Dalam Fatchurrozak et al., (2013) dijelaskan pengaruh ketinggian tempat terhadap
kamdungan metabolit sekunder khususnya vitamin C, disebutkan bahwa semakin rendah
ketinggian tempat, intensitas sinar matahari dan temperature semakin tinggi, maka vitamin C
semakin mudah teroksidasi, sehingga kadar vitamin C di ketinggian 1400 m dpl lebih rendah
disbanding pada ketinggian 1900 dan 2400 m dpl. Menurut Raharjo dan Darwati, 2000, faktor
lingkungan seperti cekaman defisit air dapat meningkatkan metabolit sekunder pada tanaman
obat. Respon tanaman terhadap cekaman defisit air selain menurunkan produktivitas,
meningkatkan kadar K dan asam amino prolin, juga dapat meningkatkan produk metabolit
sekunder. Kadar flavanoid daun tempuyung tertinggi apabila mendapat cekaman defisit air 60 %
KL (kapasitas lapang).

V. Penutup
A. Kesimpulan
Berdasarkan analisis skripsi dan beberapa jurnal, dapat disimpulkan bahwa ketinggian
tempat dapat mempengaruhi fisiologi tumbuhan karena pada ketinggian tempat yang berbeda
terdapat factor-faktor lingkungan seperti suhu, intensitas cahaya, kelembaban, dan lama
penyinaran yang kesemuanya dapat mempengaruhi proses-proses fisiologi pada tumbuhan.
Daftar Pustaka:
Abidin, Z. 1984. Dasar pengetahuan ilmu tanaman. Bandung: Angkasa
Fatchurrozak , Suranto , dan Sugiyarto. 2013. Pengaruh Ketinggian Tempat terhadap Kandungan
Vitamin C dan Zat Antioksidan pada Buah Carica pubescens di Dataran Tinggi Dieng. L-VIVO
Vol.1, No.1, hal 15 22, September 2013
Fitriani Sarmita, Endah Dwi Hastuti dan Sri Haryanti. 2011. Pertumbuhan Legume pada
Ketinggian yang Berbeda. BIOMA, Vol. 13, No. 2, Hal. 67-72
Ghani, M. A. 2002. Dasar-dasar budi daya teh. Jakarta: Penebar swadaya.

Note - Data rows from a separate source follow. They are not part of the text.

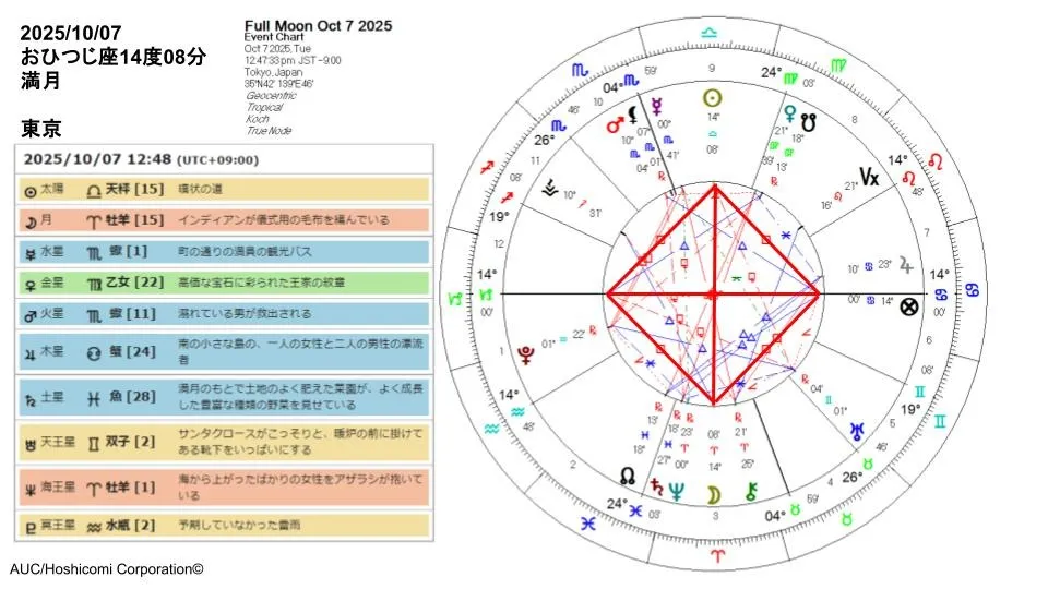 火星や金星が接近したタイミング、その時の満月のチャート……。
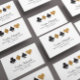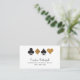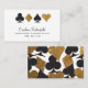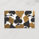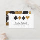 Los trajes de cartas en negro y oro purpurina de imitación lucen nítidos en esta tarjeta de visita blanca ideal para jugadores profesionales de cartas, empleados de casino y fans del brillo y el glamour de la vida nocturna de Las Vegas. El patrón de respaldo se puede quitar para agregar más información o una foto haciendo clic en el enlace posterior del personalizar debajo del texto de la plantilla.
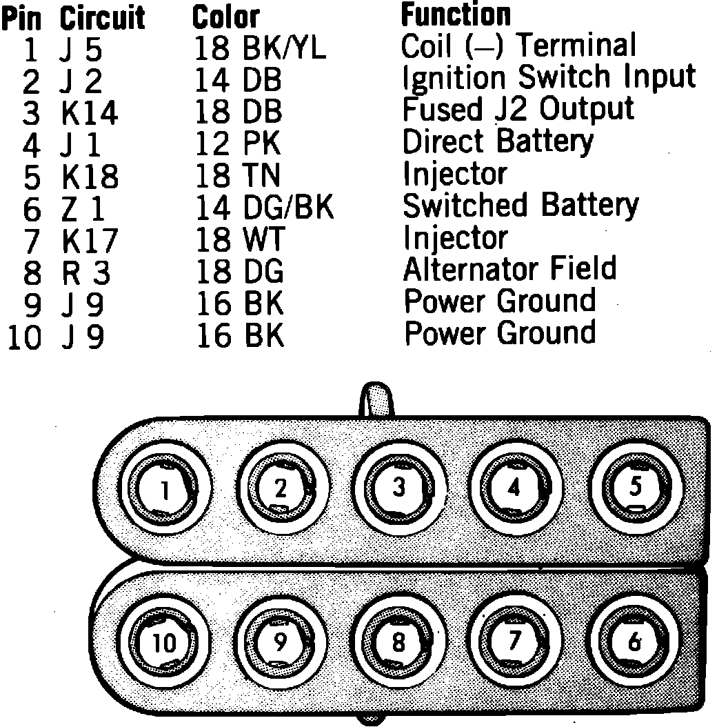 Fig. 12 Power module 10 pin connector terminal identification. 1987 models:
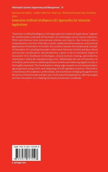 "Generative Artificial Intelligence (AI) Approaches for Industrial Applications" explores the transformative potential of Generative AI technologies across various industries. With contributions from international scholars and experts, this book provides a comprehensive overview of the latest trends, mathematical foundations, and practical applications of Generative AI models. Key sections examine the fundamental concepts of Generative AI, including Generative Adversarial Networks (GANs) and their ethical and security considerations. Special attention is given to the revolutionary impact of Generative AI in healthcare technologies, clinical decision-making, and predictive maintenance within the manufacturing sector. Additionally, the role of Generative AI in FinTech, particularly in redefining business models and enhancing digital security, is thoroughly examined. This book features cutting-edge research on text summarization, age progression using GANs, and integrating AI with regulatory practices. This book is a vital resource for academics, professionals, and practitioners bridging the gap between theoretical AI frameworks and their real-world industrial applications, offering insights into how Generative AI is shaping the future of industries worldwide.
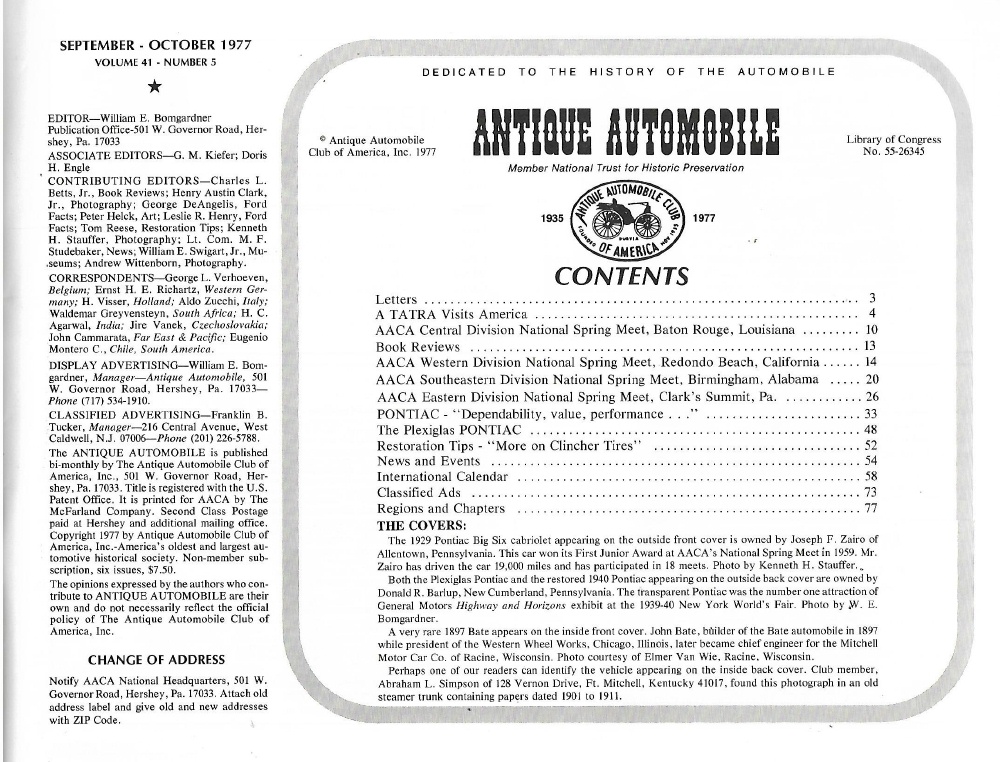 Reviews ANTIQUE AUTOMOBILE 1977 SEPT - '29 PONTIAC BIG SIX, '97 BATE, '40 PONTIAC
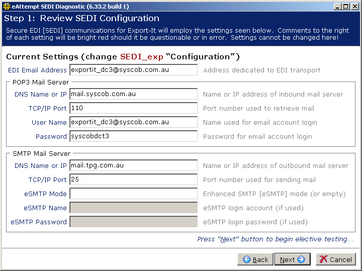 Note that the first column is a timestamp, in “HHMMSS.ZZZ” format with decimal precision to the millisecond, which is useful for detecting timeout situations or delays (in common with the SEDI processors log formats). After the access tests press the Next button to test the actual inbound and outbound email processors used by SEDI.
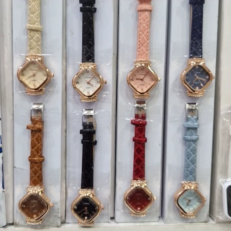 ساعت بند چرم صفحه لوزی و دستبند چشم زخم
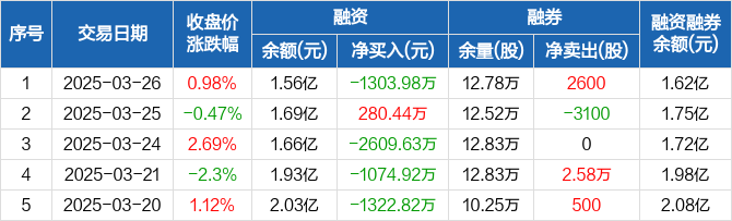新泉股份融资融券信息显示,2025年3月26日融资净偿还1303.98万元;融资余额1.56亿元,较前一日下降7.71%。
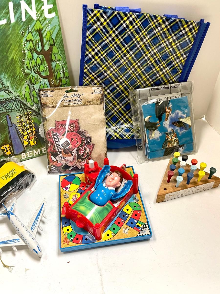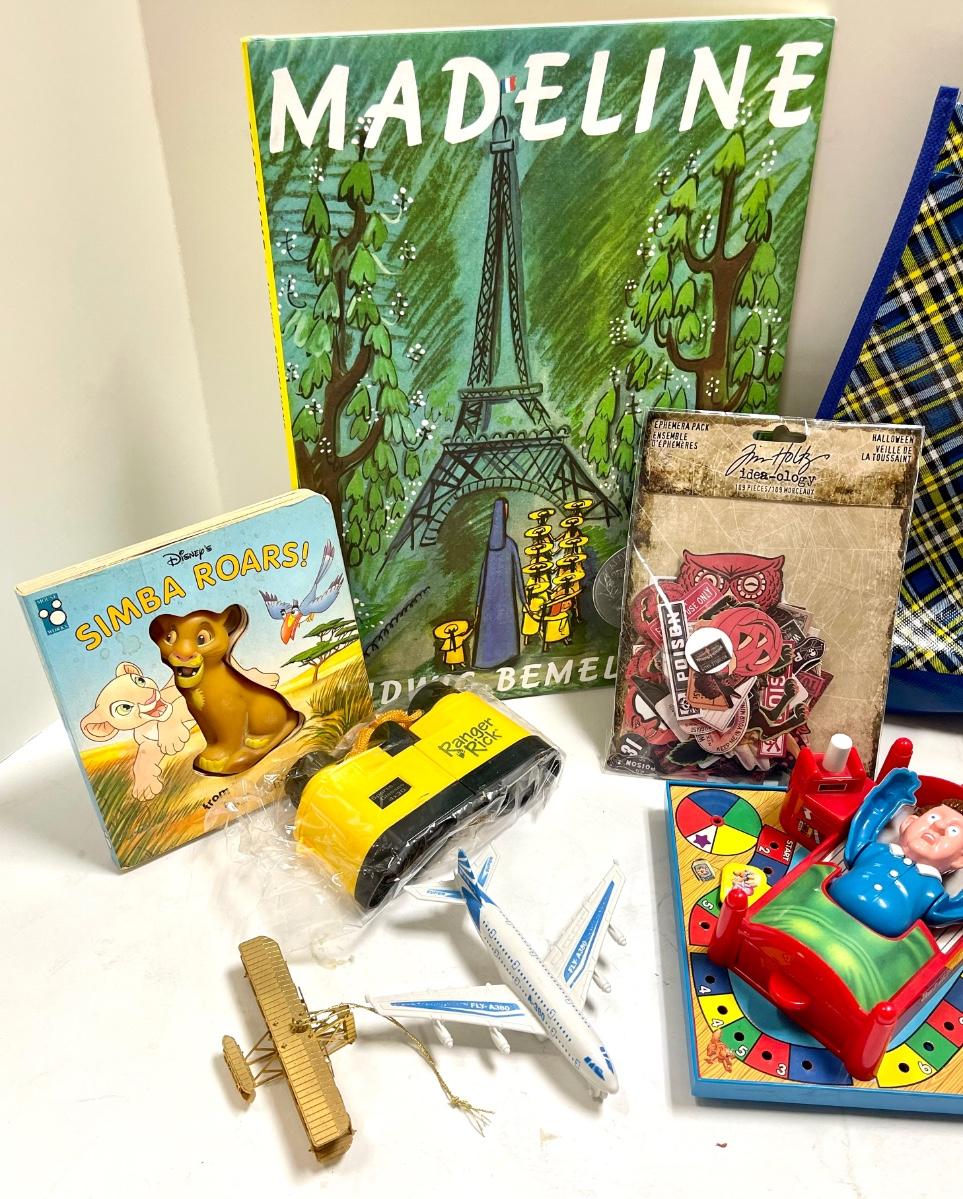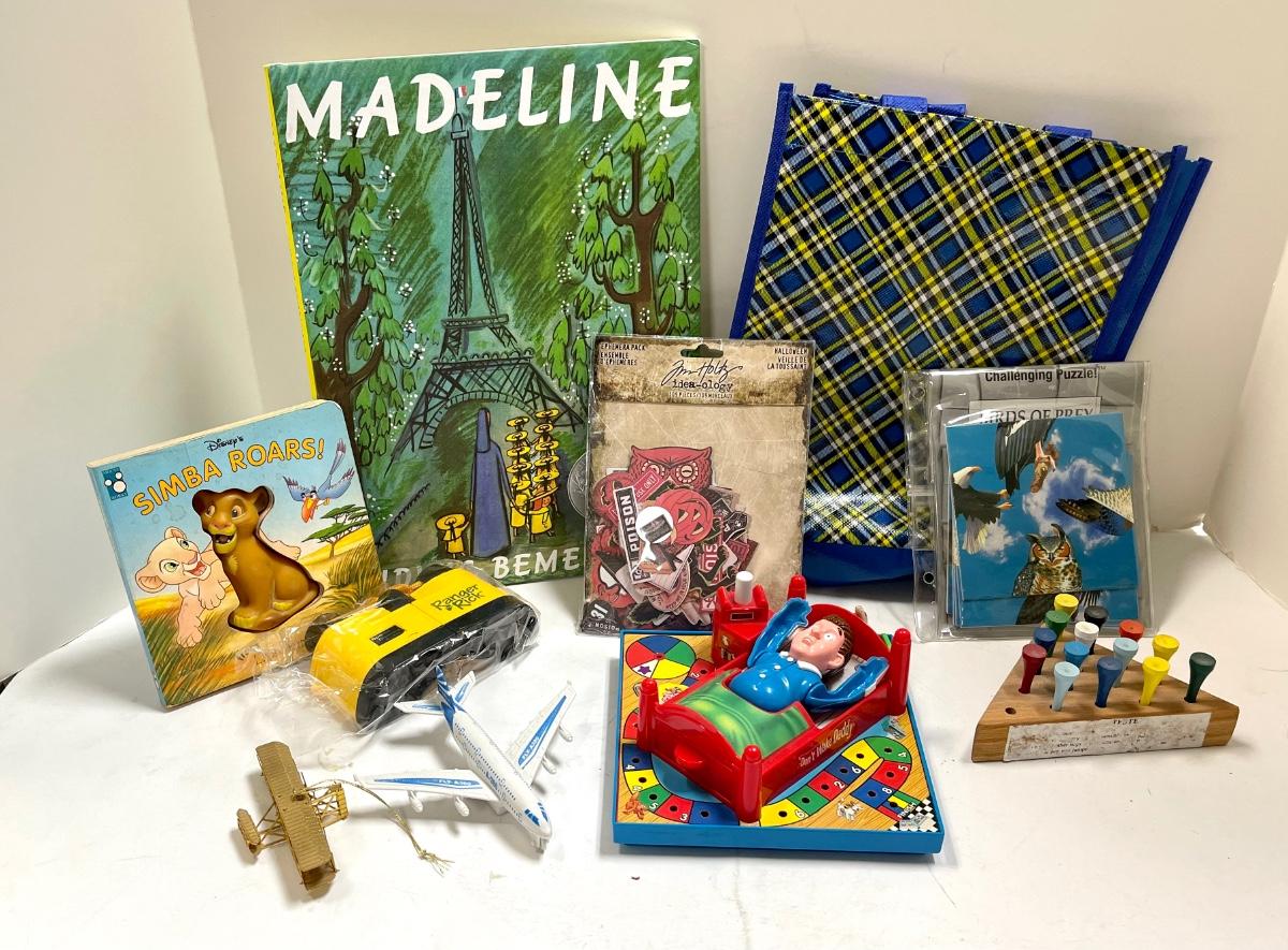 Lot of Miscellaneous Trinkets Toys Books Madeline Simba Airplanes Games

Kusumayadi I wayan H., I Made S., I Ketut S., I Nyoman S.A. 2013. Pengaruh Ketinggian
Tempat, Mulsa dan Jumlah Bibit Terhadap Pertumbuhan dan Rendemen Minyak Sereh Dapur
(Cymbopogon Citratus). E-Jurnal Agroekoteknologi Tropika
Lakitan, B. 1996. Fisiologi pertumbuhan dan perkembangan tanaman. Jakarta: PT Raja
Grafindo Persada.
Loveles, A. R. 1987. Prinsip-prinsip biologi tumbuhan untuk daerah tropik 1. Jakarta: PT
Gramedia.
Salisbury, F. B dan C. W. Ross. 1995. Fisiologi tumbuhan. Bandung: ITB
Setiawati, I., dan Nasikun. 1991. Teh kajian sosial-ekonomi. Yogyakarta: Aditya Media.
Setyamidjaja, D. 2000. Teh budi daya dan pengolahan pascapanen. Yogyakarta: Kanisius.